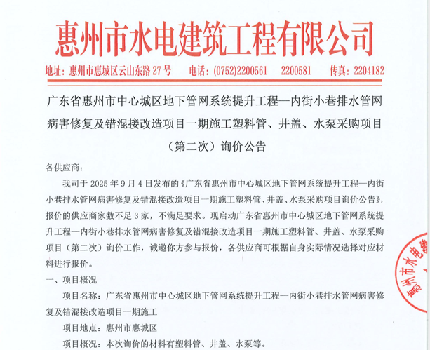 惠州市水電建筑工程有限公司成立于一九六四年四月,隸屬惠州市水務集團有限公司,是一家國有綜合性施工企業,主營水利水電工程、房屋建筑、市政工程等施工業務。公司擁有水利水電工程施工總承包一級、建筑工程施工總承包一級、市政公用工程施工總承包一級、公路工程施工總承包三級,公路路基、路面及建筑裝修裝飾專業承包二級,環保工程、機電安裝、河湖整治、輸變電工程專業承包三級等經營資質……
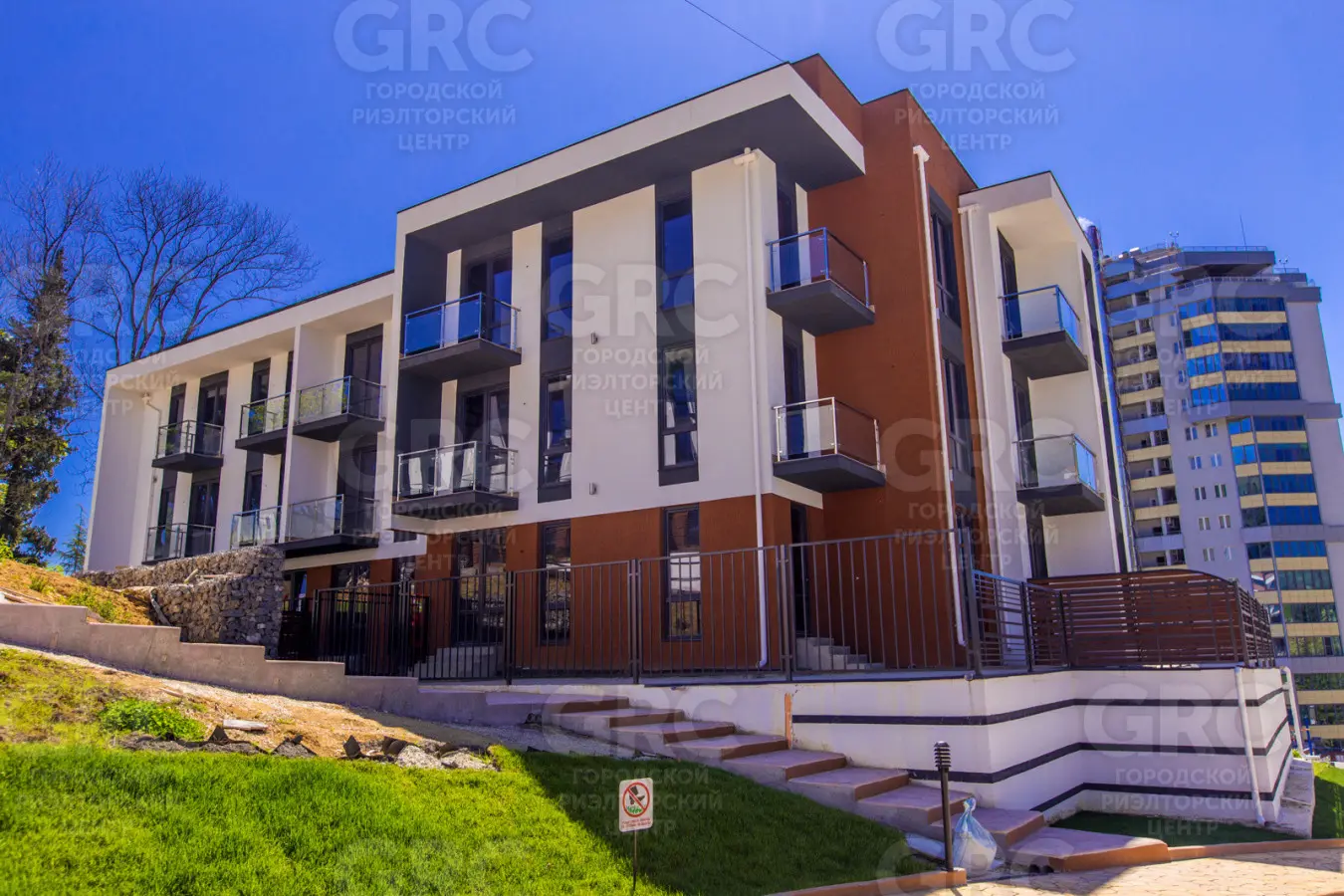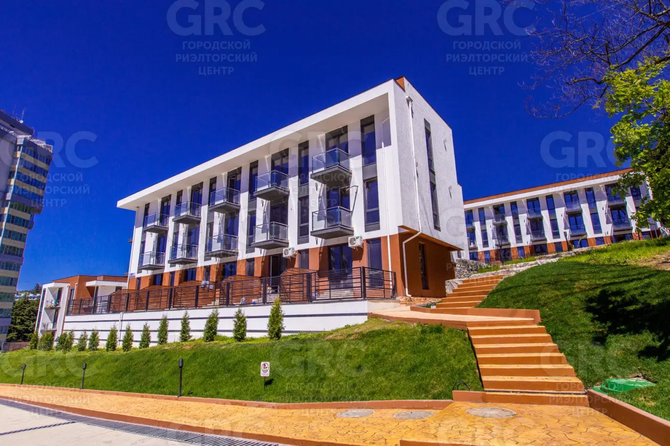 Все три дома выдержаны в единой архитектурно-стилевой концепции. В доме предусмотрено наличие квартир с индивидуальными открытыми террасами и зонами отдыха. Из окон квартир открываются панорамные виды на море и горы.
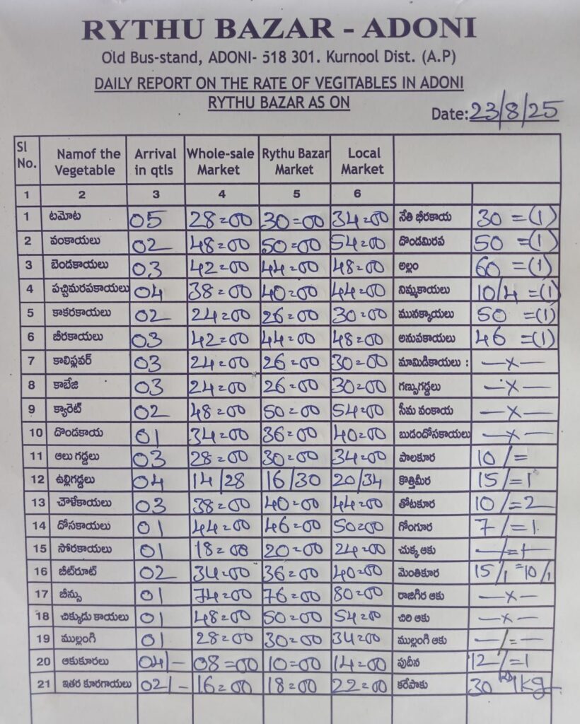 23 08 25 రైతు బజార్ ధరల పట్టిక
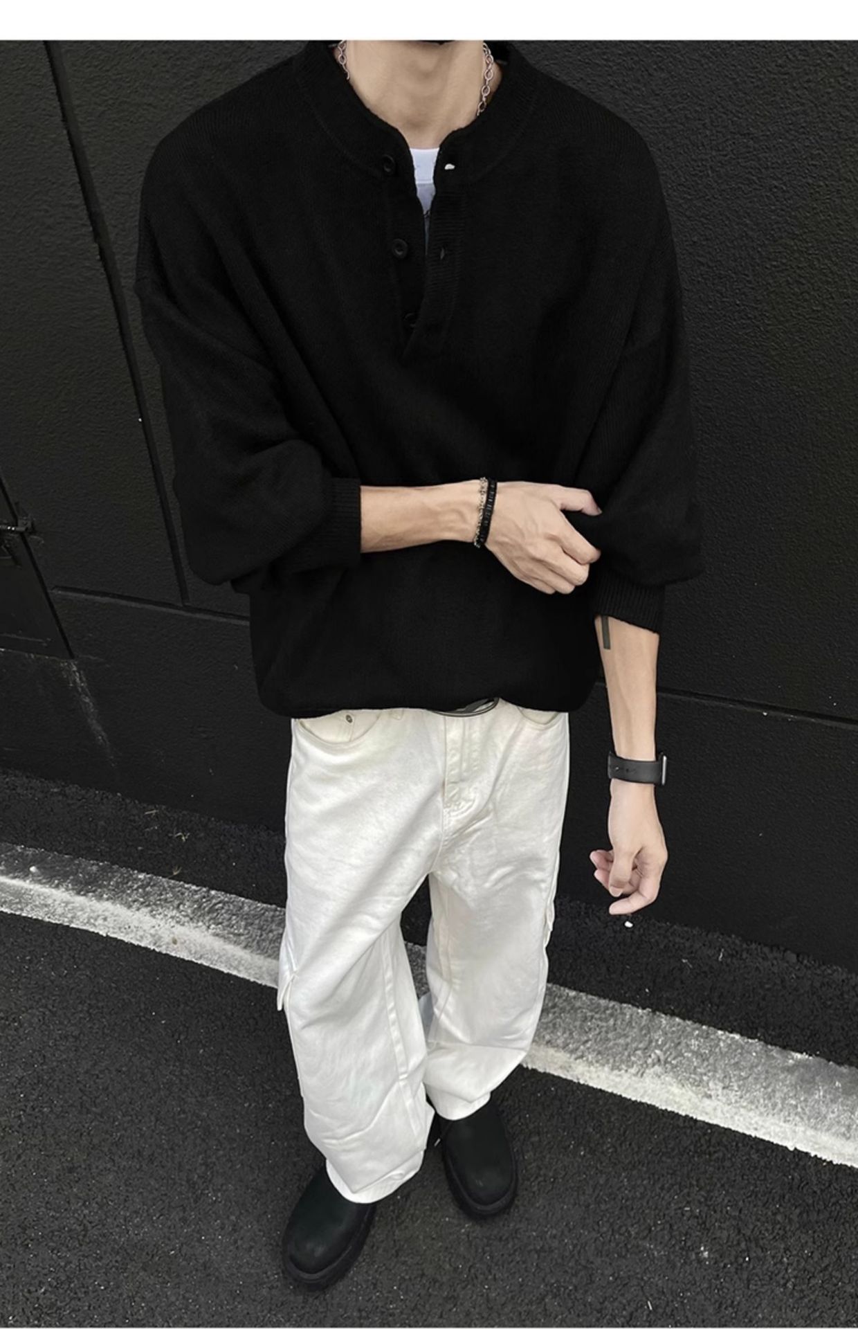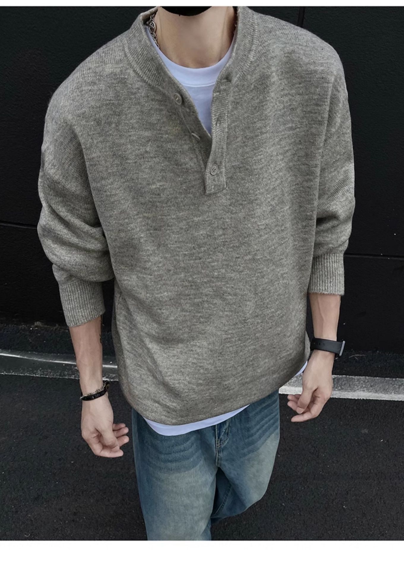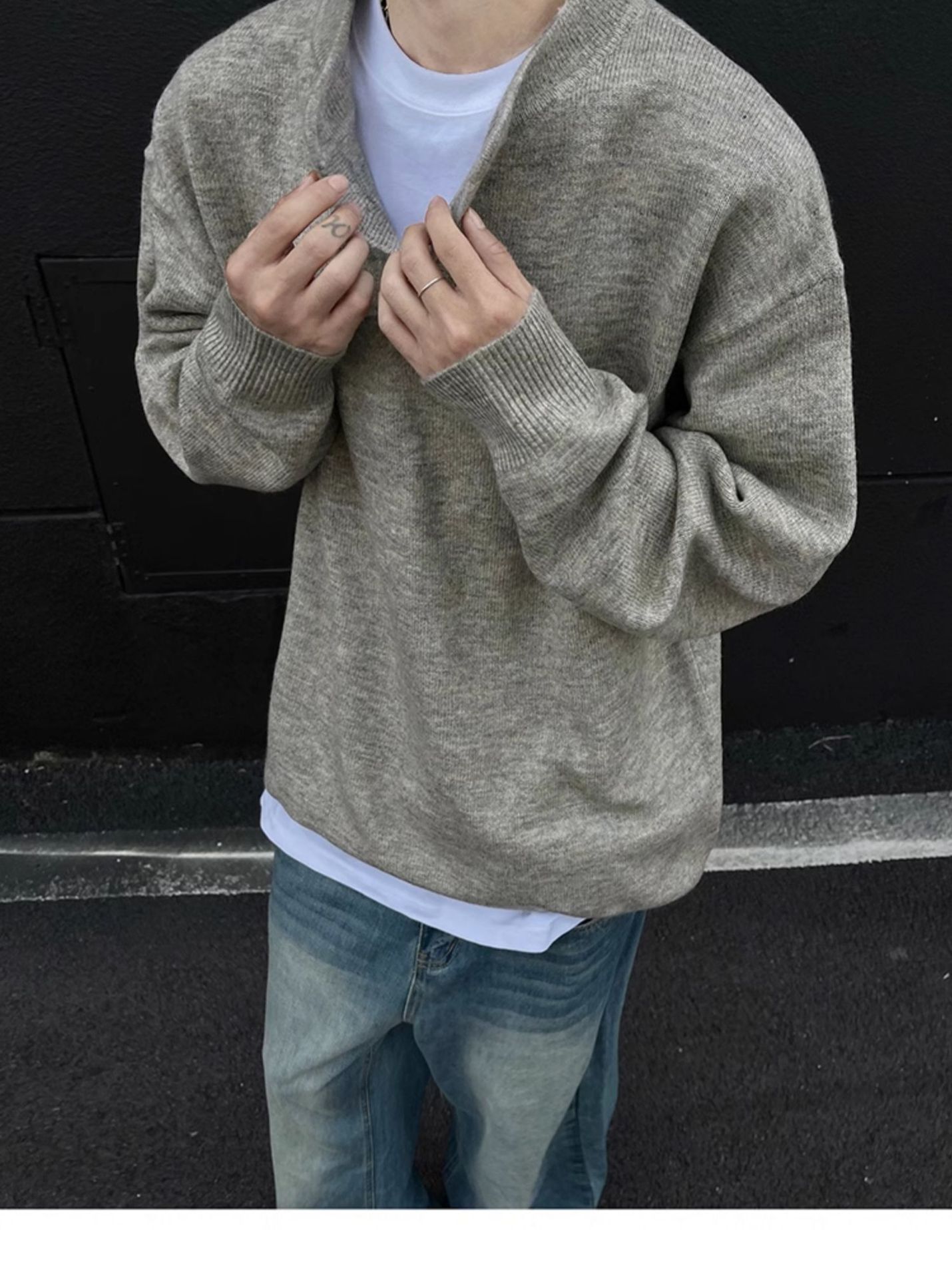 Cleanfit свитер Henry с воротником мужской осенний и зимний корейский с длинными рукавами серый вязаный свитер американский ретро свитер

----------------

## Aim of the task
Would you copy the lines from the one holding "23 08 25 రైతు బజార్ ధరల పట్టిక" down to the last line of the material, both included, exactly and with nothing added, skipping the pictures?

## Your solution
 23 08 25 రైతు బజార్ ధరల పట్టిక
 Cleanfit свитер Henry с воротником мужской осенний и зимний корейский с длинными рукавами серый вязаный свитер американский ретро свитер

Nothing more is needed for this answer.